■ **Work request**: Below this line are records; write out exactly the lines from the one containing "02- Ape op –" through the one containing "LOT 100: Vintage", with the pictures left out.

☆ ☆ ☆ ☆ ☆ ☆ ☆

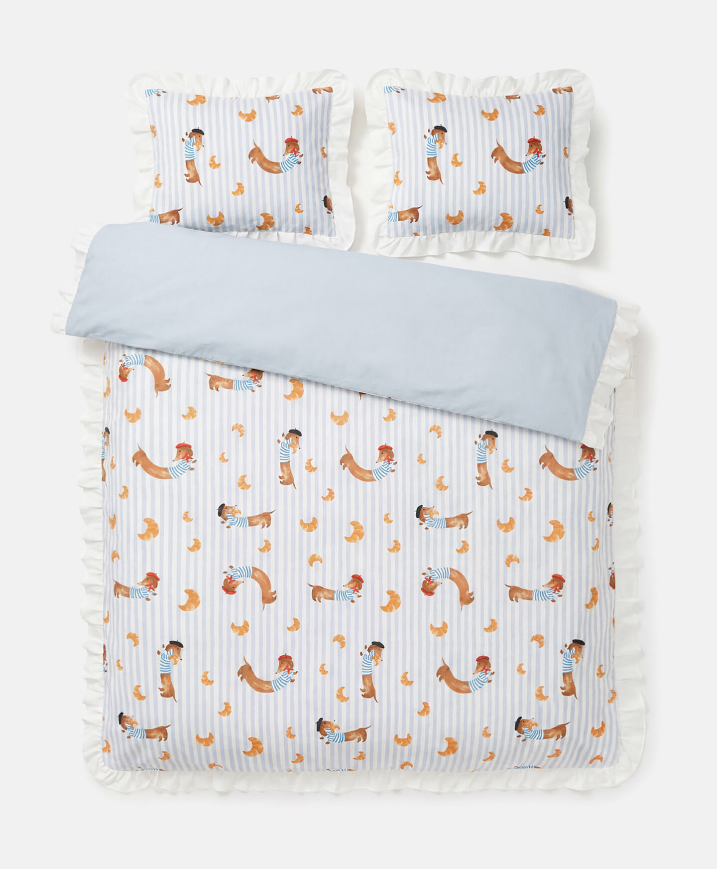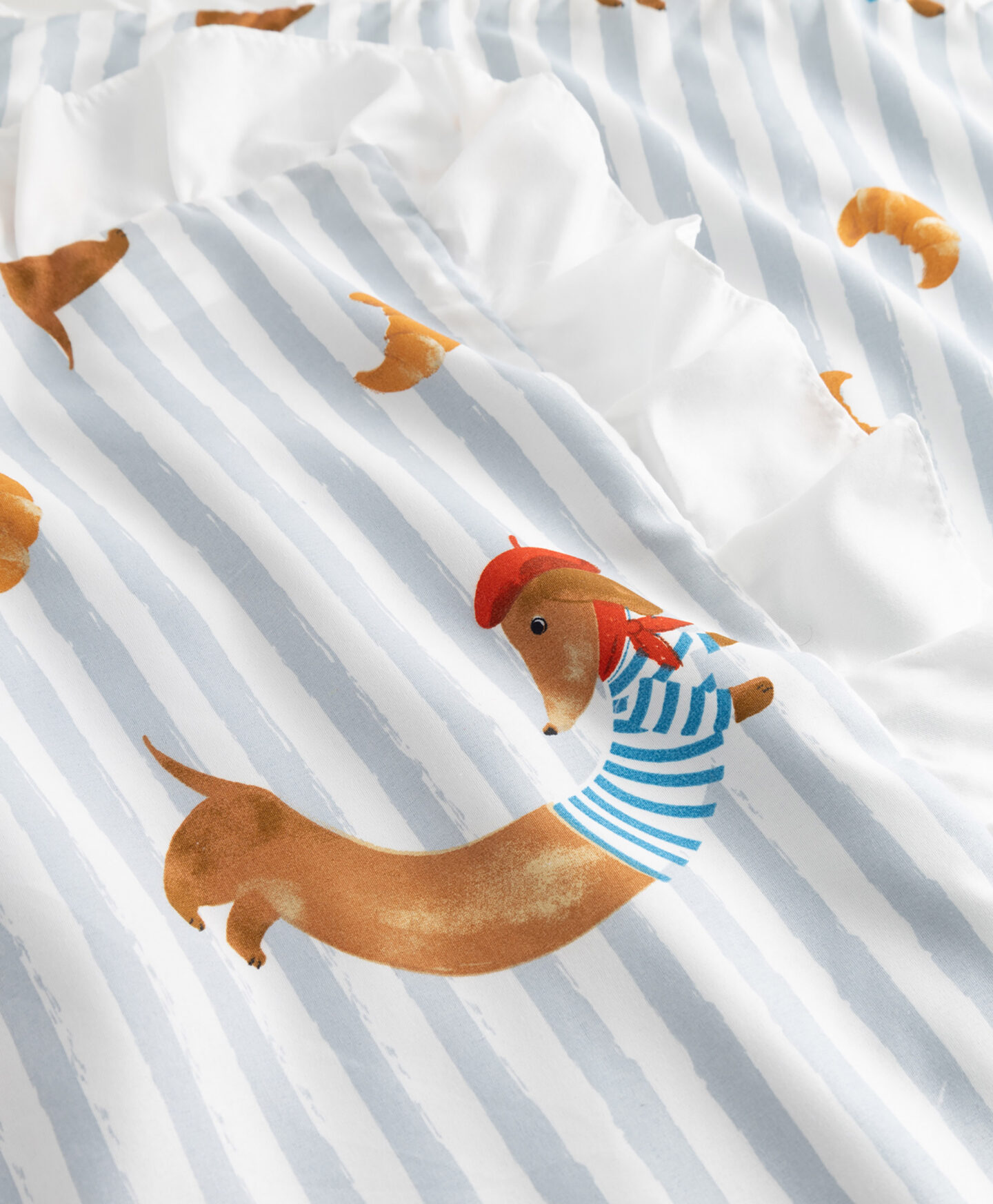Setul de lenjerie de pat cu model teckel este alegerea perfectă pentru cei care își doresc un dormitor stilat. Culoarea albă, combinată cu modelul adorabil de căței purtând berete, adaugă o notă elegantă oricărui decor. Setul include husa de pilotă și două fețe de pernă.
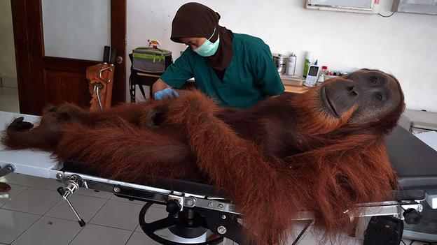 02- Ape op – A 14-year-old male orangutan is examined before surgery to remove air rifle pellets نشرت 03/01/2015 في 624 × 351 في أغرب صور تكنولوجية لعام 2014 → السابق التالي ← أبي أوب هو حبوان من فصيلة أنسان الغابة يستعد لإجراء عملية جراحية لاستخراج رشة خرطوش أصابته
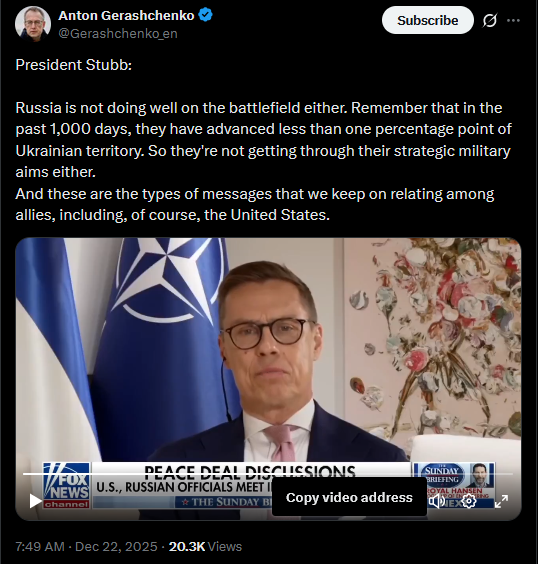 >>524111891 2.7 for 1%President Stubb:Russia is not doing well on the battlefield either. Remember that in the past 1,000 days, they have advanced less than one percentage point of Ukrainian territory. So they're not getting through their strategic military aims either.And these are the types of messages that we keep on relating among allies, including, of course, the United States.https://x.com/Gerashchenko_en/status/2003010090597494996?s=20https://files.catbox.moe/ebfoy4.mp4
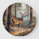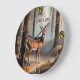 Jovem veado na floresta. Árvores altas no fundo. Embora este design seja matéria masculina, é um pouco delicado. Aquarela. Bonito.
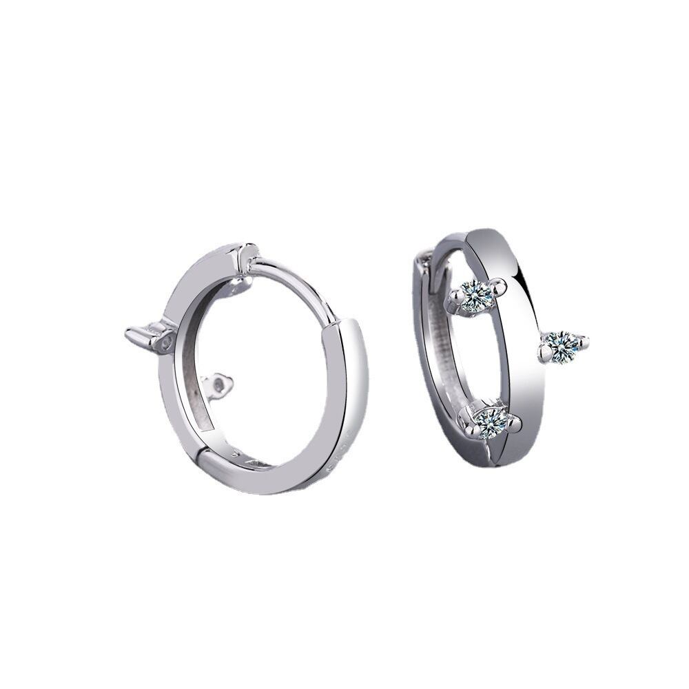 LIVVY シルバーカラーシンプル滑らかジルコンフープイヤリング気質パーティートレンディ絶妙ジュエリー 指輪 銀
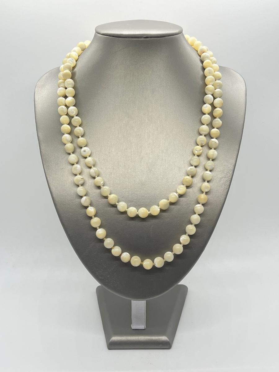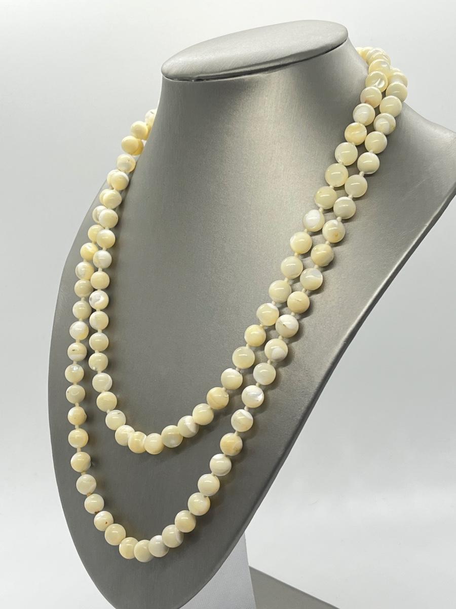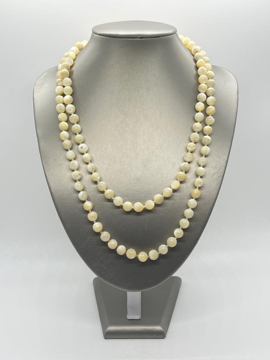 LOT 100: Vintage Mother of Pearl Bead Necklace 46"L!
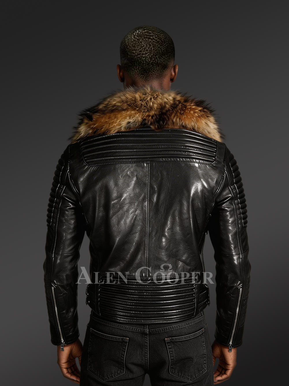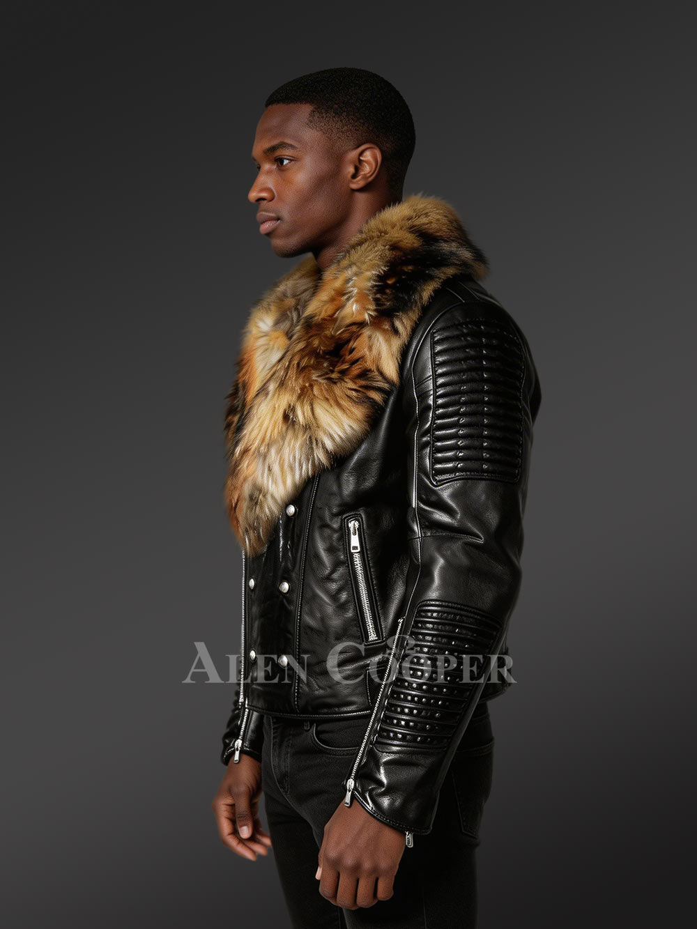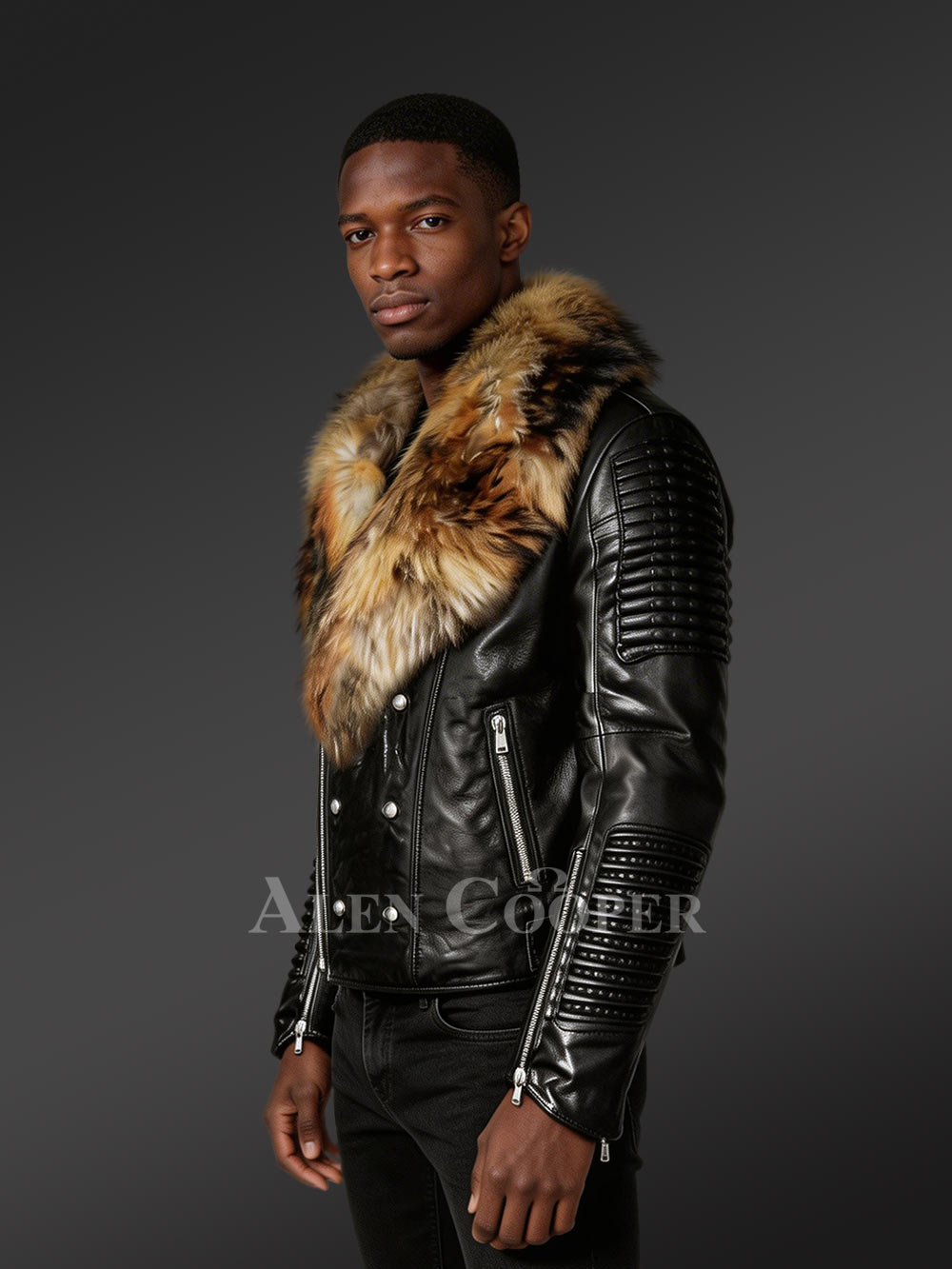 Ruling the fashion industry for a long time, leather jackets accentuated with authentic fur can never go in vain. The outerwear range introduced by Alen Cooper’s winter garments are very popular among men. This biker leather fur jacket features Italian finish on pure lamb leather. Also, the lustrous leather fur jacket holds a classy looking fur collar. Undeniably, natural fur stemming its original allure can never go out of fashion. In similar fashion, this outerwear holds pelts of raccoon fur which shapes the shawl style collar. However, the fur on the jacket is detachable thus covering up the elite regular turn down collar and notched lapel.

☆ ☆ ☆ ☆ ☆ ☆ ☆

■ **Answer below**:
 02- Ape op – A 14-year-old male orangutan is examined before surgery to remove air rifle pellets نشرت 03/01/2015 في 624 × 351 في أغرب صور تكنولوجية لعام 2014 → السابق التالي ← أبي أوب هو حبوان من فصيلة أنسان الغابة يستعد لإجراء عملية جراحية لاستخراج رشة خرطوش أصابته
 >>524111891 2.7 for 1%President Stubb:Russia is not doing well on the battlefield either. Remember that in the past 1,000 days, they have advanced less than one percentage point of Ukrainian territory. So they're not getting through their strategic military aims either.And these are the types of messages that we keep on relating among allies, including, of course, the United States.https://x.com/Gerashchenko_en/status/2003010090597494996?s=20https://files.catbox.moe/ebfoy4.mp4
 Jovem veado na floresta. Árvores altas no fundo. Embora este design seja matéria masculina, é um pouco delicado. Aquarela. Bonito.
 LIVVY シルバーカラーシンプル滑らかジルコンフープイヤリング気質パーティートレンディ絶妙ジュエリー 指輪 銀
 LOT 100: Vintage Mother of Pearl Bead Necklace 46"L!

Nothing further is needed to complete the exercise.